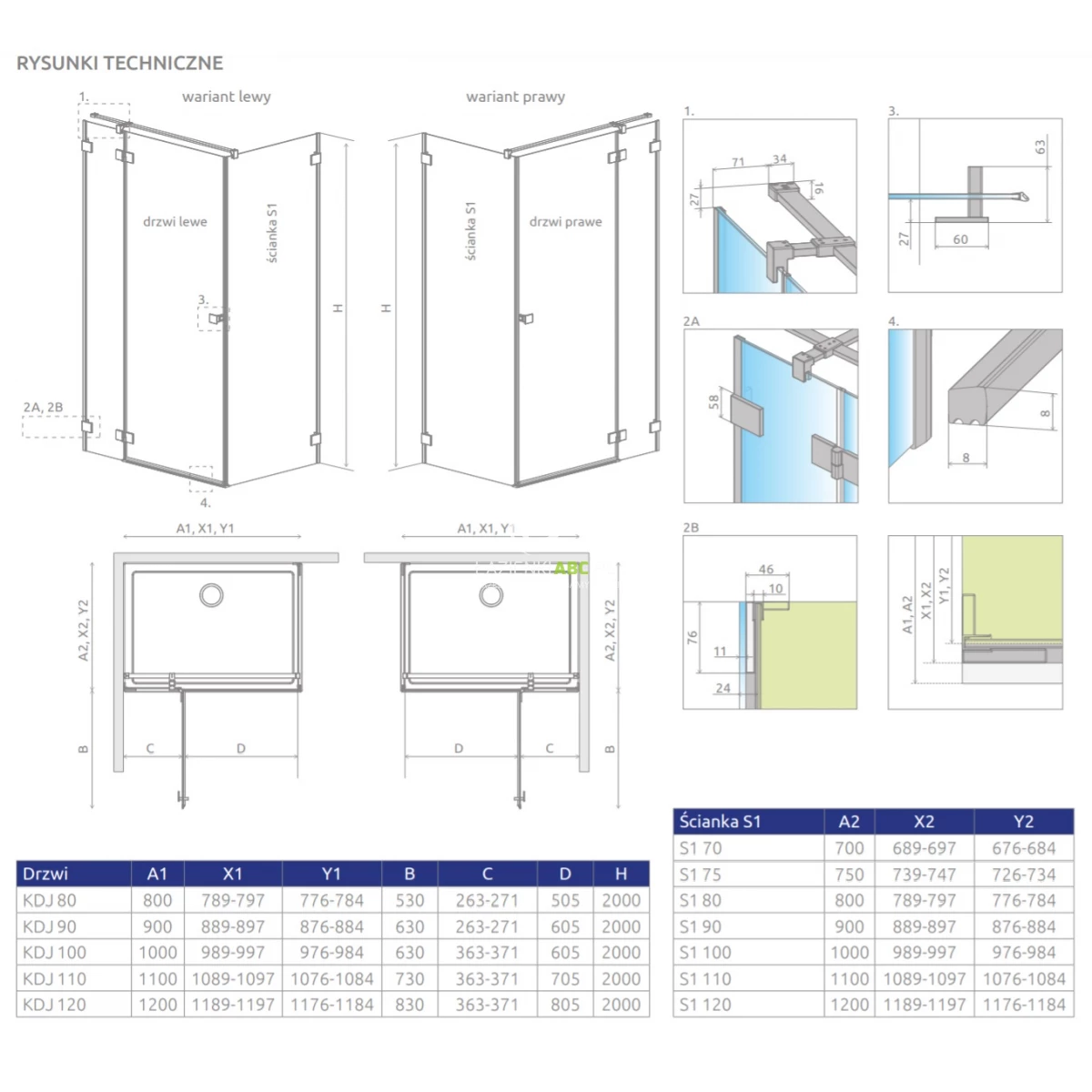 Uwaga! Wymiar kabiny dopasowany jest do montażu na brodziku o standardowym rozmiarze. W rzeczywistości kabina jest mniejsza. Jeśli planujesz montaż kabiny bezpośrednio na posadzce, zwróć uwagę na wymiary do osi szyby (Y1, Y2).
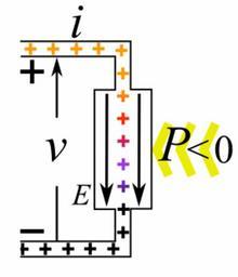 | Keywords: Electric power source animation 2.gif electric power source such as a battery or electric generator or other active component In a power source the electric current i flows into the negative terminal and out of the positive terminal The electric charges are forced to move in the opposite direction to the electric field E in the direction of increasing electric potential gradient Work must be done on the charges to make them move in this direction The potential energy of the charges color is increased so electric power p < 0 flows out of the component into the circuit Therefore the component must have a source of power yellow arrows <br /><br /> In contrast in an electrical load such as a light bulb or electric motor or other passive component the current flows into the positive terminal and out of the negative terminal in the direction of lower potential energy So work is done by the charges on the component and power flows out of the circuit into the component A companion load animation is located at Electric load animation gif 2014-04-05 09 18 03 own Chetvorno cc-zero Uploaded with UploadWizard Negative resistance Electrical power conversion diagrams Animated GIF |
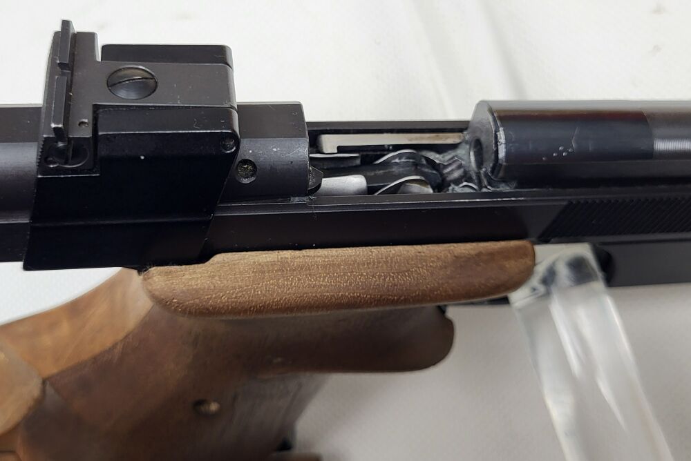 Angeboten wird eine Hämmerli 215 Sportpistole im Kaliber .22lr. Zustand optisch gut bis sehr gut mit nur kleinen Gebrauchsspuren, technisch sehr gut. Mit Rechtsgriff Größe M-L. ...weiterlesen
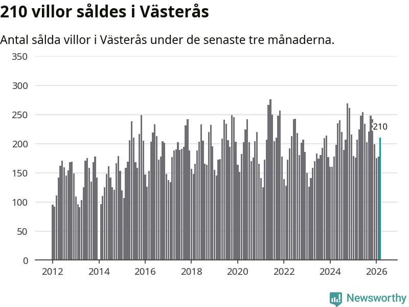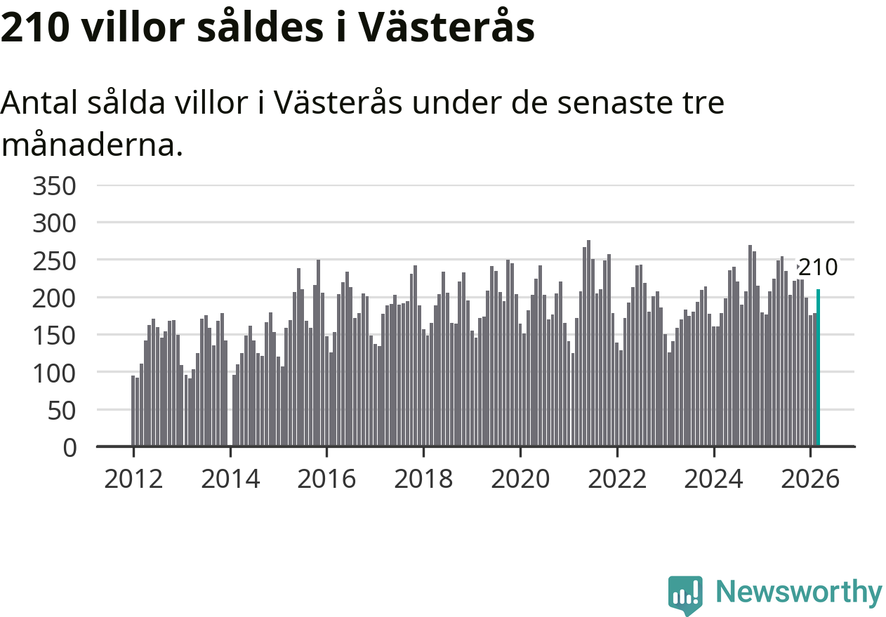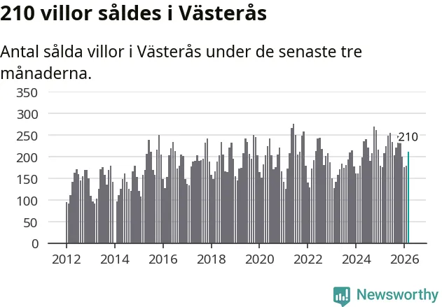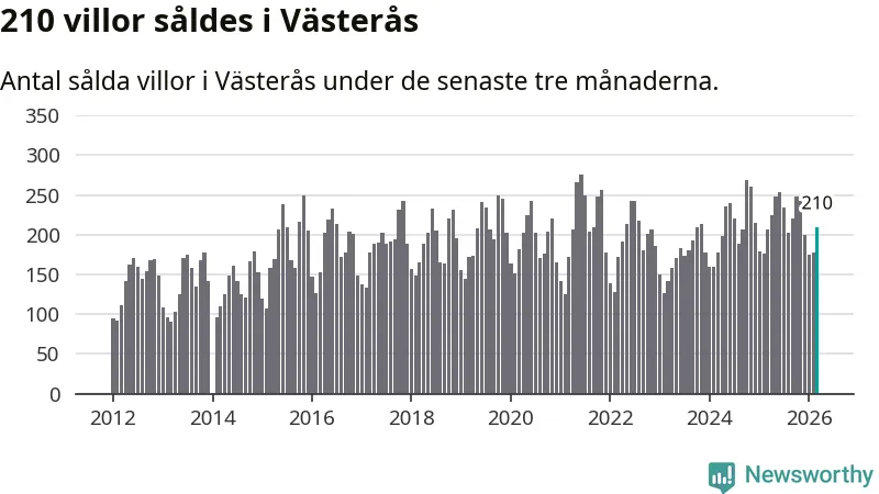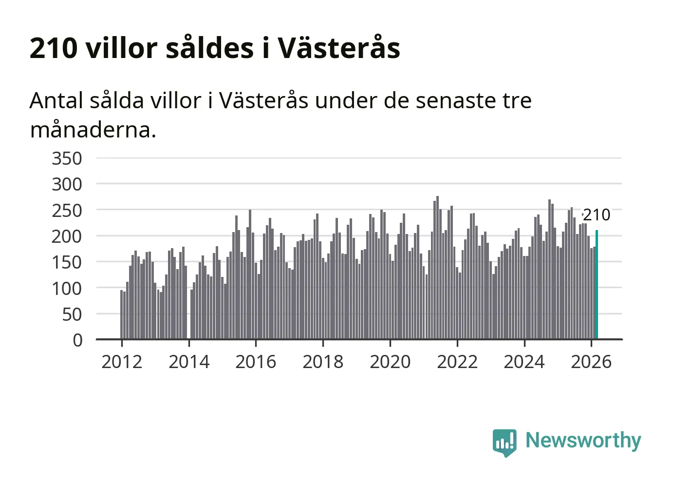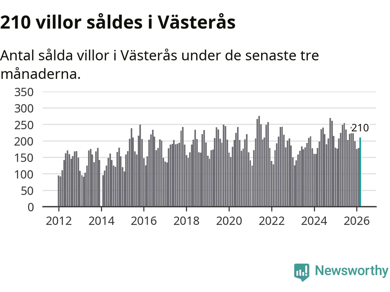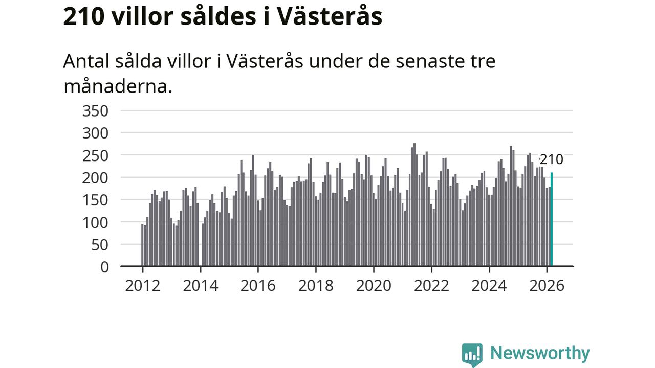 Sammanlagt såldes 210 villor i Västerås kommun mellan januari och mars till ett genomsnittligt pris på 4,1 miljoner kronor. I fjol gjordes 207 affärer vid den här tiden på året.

**The problem:** Make an exact copy of the listing above, omitting the pictures.

**Task result:**
 Uwaga! Wymiar kabiny dopasowany jest do montażu na brodziku o standardowym rozmiarze. W rzeczywistości kabina jest mniejsza. Jeśli planujesz montaż kabiny bezpośrednio na posadzce, zwróć uwagę na wymiary do osi szyby (Y1, Y2).
 | Keywords: Electric power source animation 2.gif electric power source such as a battery or electric generator or other active component In a power source the electric current i flows into the negative terminal and out of the positive terminal The electric charges are forced to move in the opposite direction to the electric field E in the direction of increasing electric potential gradient Work must be done on the charges to make them move in this direction The potential energy of the charges color is increased so electric power p < 0 flows out of the component into the circuit Therefore the component must have a source of power yellow arrows <br /><br /> In contrast in an electrical load such as a light bulb or electric motor or other passive component the current flows into the positive terminal and out of the negative terminal in the direction of lower potential energy So work is done by the charges on the component and power flows out of the circuit into the component A companion load animation is located at Electric load animation gif 2014-04-05 09 18 03 own Chetvorno cc-zero Uploaded with UploadWizard Negative resistance Electrical power conversion diagrams Animated GIF |
 Angeboten wird eine Hämmerli 215 Sportpistole im Kaliber .22lr. Zustand optisch gut bis sehr gut mit nur kleinen Gebrauchsspuren, technisch sehr gut. Mit Rechtsgriff Größe M-L. ...weiterlesen
 Sammanlagt såldes 210 villor i Västerås kommun mellan januari och mars till ett genomsnittligt pris på 4,1 miljoner kronor. I fjol gjordes 207 affärer vid den här tiden på året.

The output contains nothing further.